Alícia wrote “Invariants” on the whiteboard.

Invariants
– At least one unstuck worker?

“Is there a way for the job queue system to check whether workers are stuck and restart them?” she asked.

“The devs have been promising better worker health management in the next release for two years, but the release keeps slipping,” said Hana.

“How many workers did you run at your last job?” asked Shruti.

“Maybe 20? But we also ran a lot more jobs.”

“Let’s up the number of workers to five and see if the problem reoccurs.”

Alícia wasn’t very happy with that. “Is there really no way for us to monitor the health of the workers, even if we have to restart them ourselves?”

“I’m sure there is,” said Shruti. “But first we need to get mail working again.”

“Oh, I already restarted the stuck worker and it looks like mail is sending again,” said Hana. “It should take about twenty minutes to clear the backlog.”

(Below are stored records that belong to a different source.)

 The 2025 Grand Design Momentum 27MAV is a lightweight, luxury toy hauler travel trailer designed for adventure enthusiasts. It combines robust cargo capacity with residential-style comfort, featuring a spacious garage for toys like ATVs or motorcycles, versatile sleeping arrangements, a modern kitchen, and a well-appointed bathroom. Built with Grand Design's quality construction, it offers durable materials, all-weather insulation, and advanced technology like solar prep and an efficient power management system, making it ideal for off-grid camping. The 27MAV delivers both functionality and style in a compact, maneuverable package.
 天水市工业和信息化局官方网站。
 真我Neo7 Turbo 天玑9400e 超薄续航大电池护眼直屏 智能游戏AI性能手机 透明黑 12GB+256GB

“Good. And then let’s increase the number of workers?”

“On it.”

“I’m sympathetic to your point of view, Alícia,” said Shruti, “but we don’t have time to do surgery on someone else’s code, especially if upstream is struggling with it, too. Let’s write this down and talk it over in the incident post-mortem meeting. For now, let’s focus on what we need to do to get product out the door.”

Alícia grudgingly agreed.

The final threat model:

Principals
Users who want to…
– Verify their email address
– Reset their password
– Update credit card information

Goals
– Deliver email reliably to users within five minutes

Adversities
– Overload the job queue
– Hit email provider API rate limits
– Silently hang workers/infinite loop

Invariants
– ~~At least one unstuck worker?~~
– More than one worker

If you’re an eagle-eyed reader, you may have noticed that although this is threat modeling, there’s no active adversary here (except perhaps Murphy, of Murphy’s law: “Anything that can go wrong, will”). This is because anything an active adversary can do can also occur by happenstance. An active adversary can cause very unlikely happenstances to occur, and particularly sophisticated active adversaries can cause multiple very unlikely happenstances to occur at once, but, generally speaking, a system that isn’t resilient against happenstance can’t possibly be resilient against active attack.

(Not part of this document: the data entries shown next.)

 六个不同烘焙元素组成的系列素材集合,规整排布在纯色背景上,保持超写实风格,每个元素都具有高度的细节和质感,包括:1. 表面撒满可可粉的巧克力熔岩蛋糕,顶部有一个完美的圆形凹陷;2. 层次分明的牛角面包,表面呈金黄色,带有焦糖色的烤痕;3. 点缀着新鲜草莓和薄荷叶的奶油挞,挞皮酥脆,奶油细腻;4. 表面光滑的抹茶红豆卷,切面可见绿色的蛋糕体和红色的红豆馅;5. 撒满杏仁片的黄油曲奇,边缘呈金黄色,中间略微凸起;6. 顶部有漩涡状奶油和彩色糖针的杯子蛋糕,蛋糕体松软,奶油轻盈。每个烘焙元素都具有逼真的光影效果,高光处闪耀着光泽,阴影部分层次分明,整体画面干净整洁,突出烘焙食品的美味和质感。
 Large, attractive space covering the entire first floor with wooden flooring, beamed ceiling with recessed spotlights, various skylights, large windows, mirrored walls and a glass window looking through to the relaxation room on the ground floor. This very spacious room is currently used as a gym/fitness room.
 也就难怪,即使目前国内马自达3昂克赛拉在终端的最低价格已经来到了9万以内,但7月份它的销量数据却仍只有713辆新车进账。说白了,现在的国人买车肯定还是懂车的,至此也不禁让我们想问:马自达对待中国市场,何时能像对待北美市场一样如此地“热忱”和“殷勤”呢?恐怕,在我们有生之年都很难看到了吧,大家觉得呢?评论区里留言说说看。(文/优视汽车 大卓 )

Here, it doesn’t really matter if happenstance or adversary action caused the worker to hang. In either case, the system would still need at least one unstuck worker to safely continue to achieve its goals.

However, we now have a good understanding of the system Alícia is working with. Here’s a more traditional threat modeling example where there is a potential active adversary.

Example two: Outgoing webhooks

Although Alícia wasn’t formally a security engineer, she developed a reputation inside Kumquat as someone who knew and cared about security. A couple of months after the Dunning Incident, Yasmin, a product engineer, came to Alícia with a feature she was working on. They sat down in a meeting room with a whiteboard, and Yasmin laid out the project.

“Our app has a pretty traditional model-view-controller architecture. Until now, we’ve been fine doing all computation synchronously in the model. However, we’ve recently onboarded some new users who are much larger than our existing users, and this is starting to break, so we need to move long-running bulk actions to run asynchronously.

“We’re going to use our existing job queue to run these actions outside of the app. But users’ apps need a way to find out when these bulk actions are finished, so we want to get a webhook callback URL from the user and have the job post to it when the work is done. Hana mentioned that there might be some issues, and said we should talk to you.”

“Did she say what she was concerned about?”

“How users can specify the URLs. But that’s the whole point.”

“I’m glad you came to talk to me,” said Alícia. “She’s right, it’s potentially a problem that the user can specify these URLs. But there’s another question here—whether our existing job queue system will meet your needs.”

She explained what had happened during the Dunning Incident and showed her the threat model that the team had developed.

“Delivering webhooks within five minutes should be fine, since these jobs will be running on the job queue anyway,” said Yasmin.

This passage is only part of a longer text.